Analyzing mutation enrichment in enhancers (contributed by Yifan Wang)
We overlapped somatic point mutations identified from all samples excluding the ones from hypermutable brains with the gene-linked enhancers from brain organoids (see below), from developing human brain (58), and from induced neurons (59). We then tested the enrichment of somatic point mutations from different diseases comparing to controls using Fisher Exact test. Next, we tested the possible function effect of the somatic point mutations within gene-related enhancers regions by analyzing the disruption of transcription factor binding motifs by the mutations. We detected all motifs disrupted by the mutations with a position weight matrix (PWM) similarity score (equation see below) larger than 0.7 (60). We then computed the score change of the somatic point mutations (equation see below). We preserve all the disruption of somatic mutations with a score change larger than 0.5 for the downstream analysis. We then compared the number of motifs disrupted by somatic point mutations from TS, ASD and SCZ samples to control samples with a binomial test taking the total number of somatic point mutations into consideration (Fig. 4B).

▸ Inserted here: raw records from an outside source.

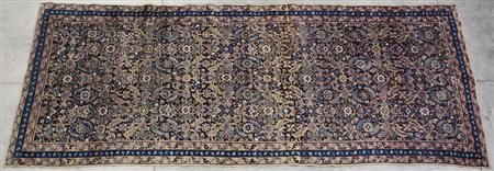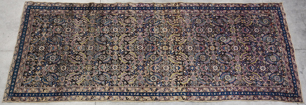 Disegno Herati nei toni del lilla, ciclamino, azzurro, giallo e verde su fondo marrone. (cm 318x138) (difetti)
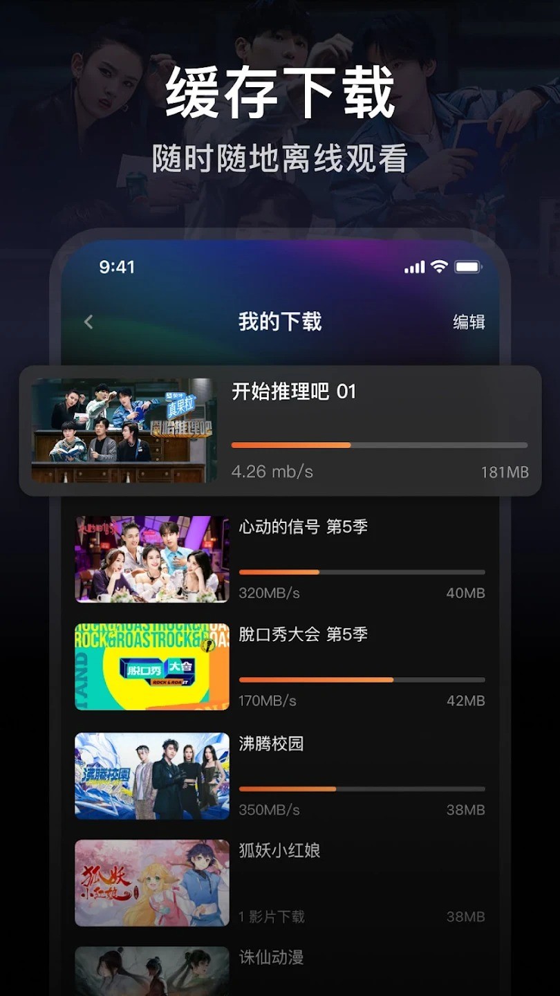 3、支持缓存下载功能,让用户即使在网络不佳或无网络的情况下也能享受娱乐时光,随时随地看剧了。
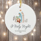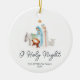 This personalized Christmas holiday ornament is a beautiful addition to any tree. Featuring a beautiful watercolor nativity scene on a crisp white background, this ornament captures the essence of the season in a stunning and timeless way. The "O Holy Night" message adds an extra touch of reverence and meaning to the design, making it perfect for those who want to celebrate the religious significance of Christmas. And with a starry reverse side, this ornament is just as beautiful from the back as it is from the front. You can customize it with your family name, making it a unique and cherished keepsake for years to come.

Method for calling large mutations (contributed by Milovan Suvakov)
To detect large CNVs we used CNVpytor (https://www.biorxiv.org/content/10.1101/2021.01.27.428472v1). CNVpytor imports information about read-depth (RD) from alignment file and information about B-allele frequency BAF based on SNPs from variant (VCF) file. Two-dimensional likelihood function within large bins (e.g., 10 kbp or 100 kbp) is calculated as product of two independent functions based on RD and BAF. For RD likelihood we used gaussian function centered around mean RD value with calculated standard deviation that includes local and global fluctuations. BAF likelihood is calculated as product of symmetrized beta distributions for each SNP. Segmentation of genomic regions with similar RD and BAF is calculated by merging neighboring bins with maximal overlap between two-dimensional likelihood functions. After merging, composite likelihood function is assigned to new segments. Iterations end when there are no additional significant overlaps between two neighboring segments (multiple hypothesis p-val < 0.05). During next phase CNVpytor continues merging not only neighboring segments but segments that are close enough (gap between them is smaller than 1/3 of total length). The tool outputs a list of all significant segments with p-values based on RD and BAF, most likely copy number model (i.e., copy number for each haplotype), and corresponding cell frequency. When cell frequency and size of the event are rather small (cell frequency below 20% and size less or about 100 kbp), multiple copy number models can have a similar likelihood, and CNN-LOH can be confused with deletion or duplication. Additional evidence, such as discordant read pairs for deletions and duplication can confidently resolve event type in such cases.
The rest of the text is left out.